The primary difference is that actor classes protect their state from data races. This is enforced statically by the Swift compiler through a set of limitations on the way in which actors and their members can be used, collectively called actor isolation.

Actor isolation

Actor isolation is how actors protect their mutable state. For actor classes, the primary mechanism for this protection is by only allowing their stored instance properties to be accessed directly on self. For example, here is a method that attempts to transfer money from one account to another:

extension BankAccount {
  enum BankError: Error {
    case insufficientFunds
  }
  
  func transfer(amount: Double, to other: BankAccount) throws {
    if amount > balance {
      throw BankError.insufficientFunds
    }

    print("Transferring \(amount) from \(ownerName) to \(other.ownerName)")

    balance = balance - amount
    other.balance = other.balance + amount  // error: actor-isolated property 'balance' can only be referenced on 'self'
  }
}

If BankAccount were a normal class, the transfer(amount:to:) method would be well-formed, but would be subject to data races in concurrent code without an external locking mechanism. With actor classes, the attempt to reference other.balance triggers a compiler error, because balance may only be referenced on self.

As noted in the error message, balance is actor-isolated, meaning that it can only be accessed from within the specific actor it is tied to or "isolated by". In this case, it's the instance of BankAccount referenced by self. Stored properties, computed properties, subscripts, and synchronous instance methods (like transfer(amount:to:)) in an actor class are all actor-isolated by default.

On the other hand, the reference to other.ownerName is allowed, because ownerName is immutable (defined by let). Once initialized, it is never written, so there can be no data races in accessing it. ownerName is called actor-independent, because it can be freely used from any actor. Constants introduced with let are actor-independent by default; there is also an attribute @actorIndependent (described in a later section) to specify that a particular declaration is actor-independent.

Note: Constants defined by let are only truly immutable when the type is a value type or some kind of immutable reference type. A let that refers to a mutable reference type (such as a non-actor class type) would be unsafe based on the rules discussed so far. These issues are discussed in a later section on "Actor isolation".

Compile-time actor-isolation checking, as shown above, ensures that code outside of the actor does not interfere with the actor's mutable state.

Asynchronous function invocations are turned into enqueues of partial tasks representing those invocations to the actor's queue. This queue--along with an exclusive task executor bound to the actor--functions as a synchronization boundary between the actor and any of its external callers. For example, if we wanted to make a deposit to a given bank account account, we could make a call to a method deposit(amount:), and that call would be placed on the queue. The executor would pull tasks from the queue one-by-one, ensuring an actor never is concurrenty running on multiple threads, and would eventually process the deposit.

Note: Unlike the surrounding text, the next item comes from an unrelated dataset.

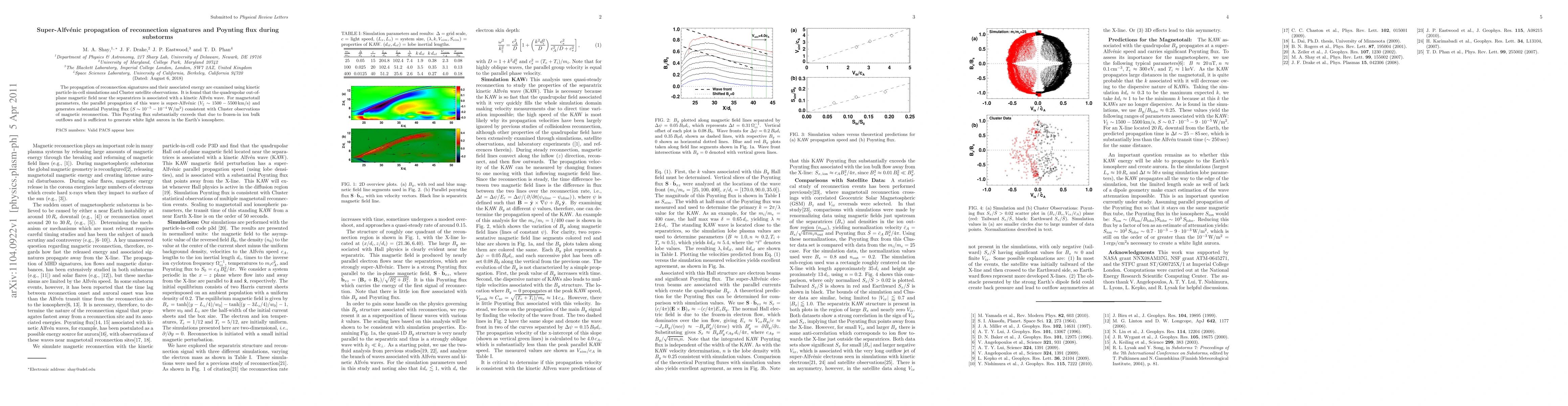 This study investigates the super-Alfv\'enic propagation of reconnection signatures and Poynting flux during substorms using simulations and satellite data. The findings reveal a quadrupolar magnetic field linked to kinetic Alfv\'en waves, which propagate super-Alfv\'enic speeds and generate significant Poynting flux, consistent with auroral observations.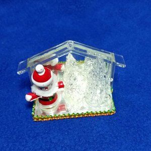 Vintage Wooden Santa and Snowman With Spun Glass Christmas Trees Ornaments. Set of 2. Pre-owned. No Box.

Synchronous functions in Swift are not amenable to being placed on a queue to be executed later. Therefore, synchronous instance methods of actor classes are actor-isolated and, therefore, not available from outside the actor instance. For example:

extension BankAccount {
  func depositSynchronously(amount: Double) {
    assert(amount >= 0)
    balance = balance + amount
  }
}

func printMoney(accounts: [BankAccount], amount: Double) {
  for account in accounts {
    account.depositSynchronously(amount: amount) // error: actor-isolated instance method 'depositSynchronously(amount:)' can only be referenced inside the actor
  }
}

It should be noted that actor isolation adds a new dimension, separate from access control, to the decision making process whether or not one is allowed to invoke a specific function on an actor. Specifically, synchronous functions may only be invoked by the specific actor instance itself, and not even by any other instance of the same actor class.

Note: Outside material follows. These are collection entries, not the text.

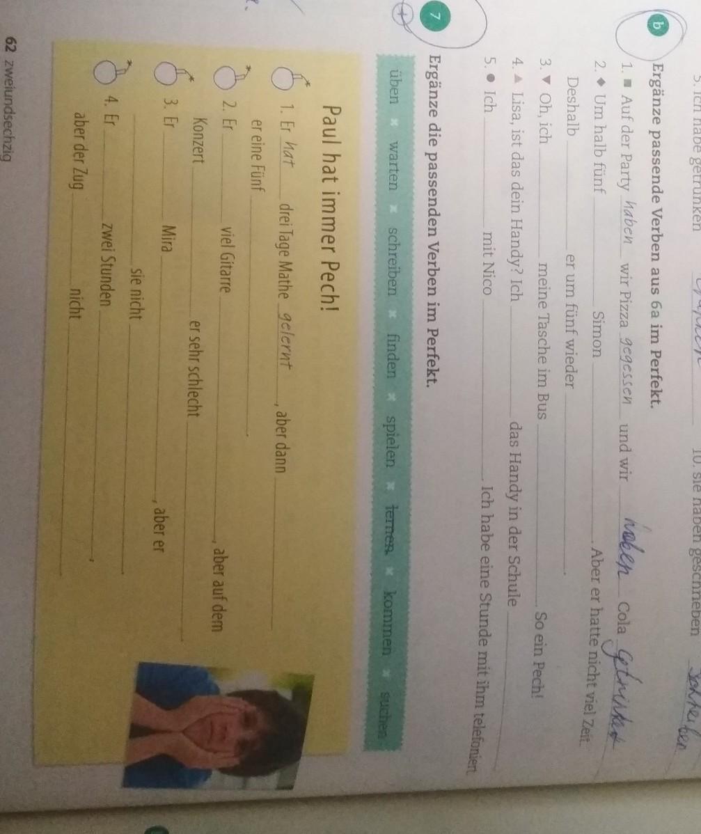 1. Er hat drei Tage Mathe gelernt, aber dann hat er eine Fünf geschrieben.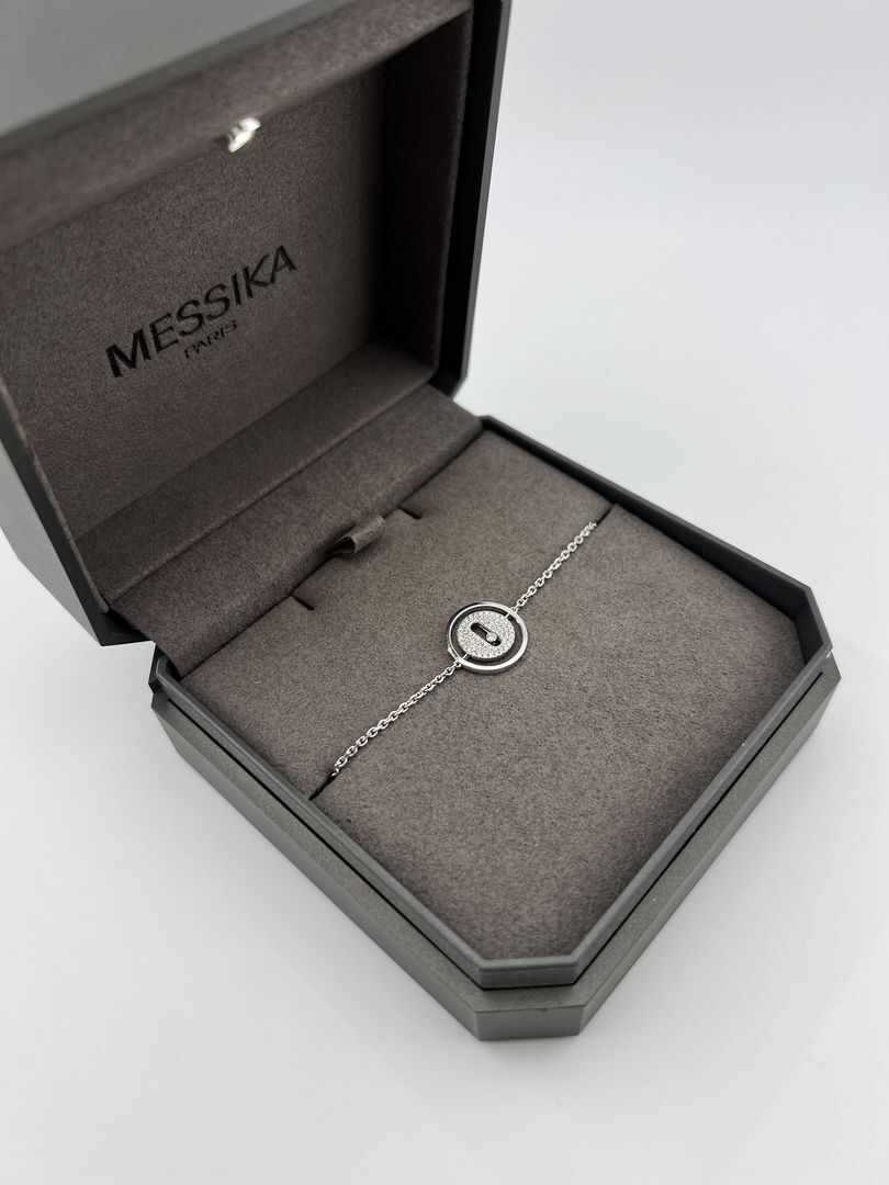 Изящный золотой браслет Lucky Move PM от легендарного бренда Messika. Модель выполнена из золота 750 пробы весом 5,24 грамма и инкрустирована сияющими бриллиантами. Роскошное украшение в размере 17,5, воплощающее современную элегантность и неповторимый стиль ювелирного дома.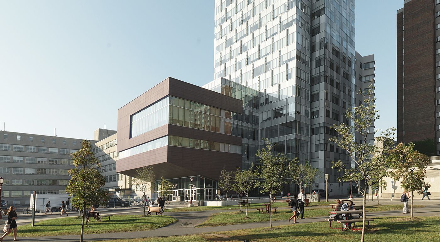 The university building was designed by Diamond Schmitt Architects in collaboration with KWC Architects. The lower five floors house classrooms, study rooms, and common rooms. The upper floors provide space for seminars, offices, and research for faculty, doctoral students, and staff. Photos: Ditz Fejer

All interactions with an actor (other than the special cased access to constants) must be performed asynchronously (semantically one may think about this as the actor model's messaging to and from the actor). Asynchronous functions provide a mechanism that is suitable for describing such operations, and are explained in depth in the complementary async/await proposal. We can make the deposit(amount:) instance method async, and thereby make it accessible to other actors (as well as non-actor code):

extension BankAccount {
  func deposit(amount: Double) async {
    assert(amount >= 0)
    balance = balance + amount
  }
}

Now, the call to this method (which now must be adorned with await) is well-formed:

await account.deposit(amount: amount)

Semantically, the call to deposit(amount:) is placed on the queue for the actor account, so that it will execute on that actor. If that actor is busy executing a task, then the caller will be suspended until the actor is available, so that other work can continue. See the section on asynchronous calls in the async/await proposal for more detail on the calling sequence.

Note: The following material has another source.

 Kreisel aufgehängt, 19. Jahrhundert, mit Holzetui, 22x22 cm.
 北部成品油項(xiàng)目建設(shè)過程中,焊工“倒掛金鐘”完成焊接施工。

Rationale: by only allowing asynchronous instance methods of actor classes to be invoked from outside the actor, we ensure that all synchronous methods are already inside the actor when they are called. This eliminates the need for any queuing or synchronization within the synchronous code, making such code more efficient and simpler to write.

We can now properly implement a transfer of funds from one account to another:

extension BankAccount {
  func transfer(amount: Double, to other: BankAccount) async throws {
    assert(amount > 0)
    
    if amount > balance {
      throw BankError.insufficientFunds
    }

    print("Transferring \(amount) from \(ownerName) to \(other.ownerName)")

    // Safe: this operation is the only one that has access to the actor's local
    // state right now, and there have not been any suspension points between
    // the place where we checked for sufficient funds and here.
    balance = balance - amount
    
    // Safe: the deposit operation is queued on the `other` actor, at which 
    // point it will update the other account's balance.    
    await other.deposit(amount: amount)
  }
}

Closures and local functions

The restrictions on only allowing access to (non-async) actor-isolated declarations on self only work so long as we can ensure that the code in which self is valid is executing non-concurrently on the actor. For methods on the actor class, this is established by the rules described above: async function calls are serialized via the actor's queue, and non-async calls are only allowed when we know that we are already executing (non-concurrently) on the actor.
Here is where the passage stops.